The Associated Press out of Atlanta broke our visit to the ConAgra Peanut Butter plant in Sylvester, Georgia


ConAgra’s Leaking Roof

Lawyers and investigators visit south Ga. peanut butter plant

An army of plaintiffs’ lawyers and investigators is inspecting the south Georgia peanut butter plant linked to a salmonella outbreak that has sickened more than 400 people nationwide.  A team of attorneys, engineers, photographers, mapping specialists and videographers on Monday scouted the ConAgra Foods Inc. plant in Sylvester, Ga., that produced the Peter Pan and Great Value peanut butter recalled in February after the outbreak.
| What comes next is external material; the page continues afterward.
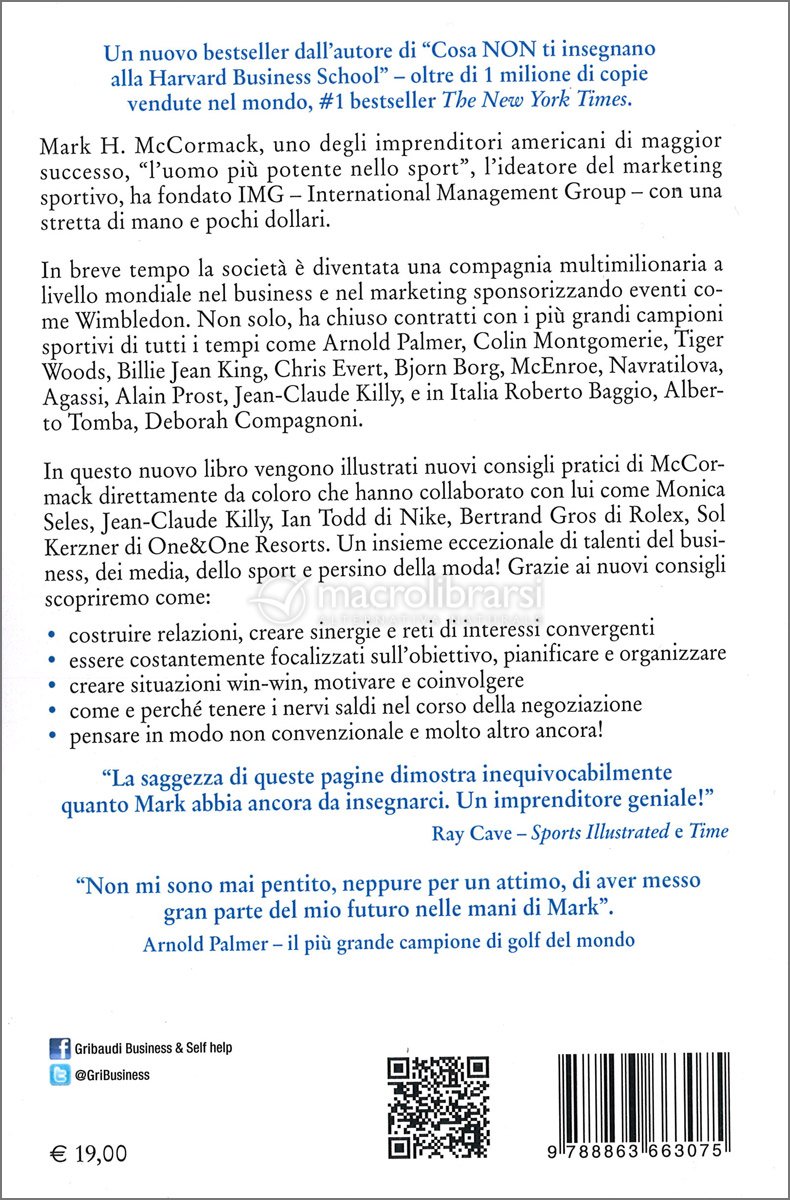 In questo nuovo libro vengono illustrati nuovi consigli pratici di McCormack direttamente da coloro che hanno collaborato con lui come Monica Scles, Jean-Claude Killy, Ian Todd di Nike, Bertrand Gros di Rolex, Sol Kerzner di One&One Resorts. Un insieme eccezionale di talenti del business, dei media, dello sport e persino della moda!

The inspectors are also taking a look at the machinery throughout the plant, said Bill Marler, an attorney with Seattle’s Marler Clark and one of several trial lawyers who organized the trip.  “When you do have a factory that’s manufacturing this much product, there’s some small glitch in the system and it gets amplified,” said Marler, whose firm is representing more than 5,000 clients. “Hopefully what we look at here gives us a feel for how the contamination likely appeared.”  The team of inspectors was organized by a handful of law firms that represent the bulk of the cases against ConAgra, but Marler estimates more than 250 law firms may eventually file a claim.  Marler, who marveled at the plant’s size, said he was determined to figure out whether the outbreak spread beyond the problems ConAgra has already revealed.

“It’s a big CSI puzzle,” he said. “That’s really what it all comes down to.”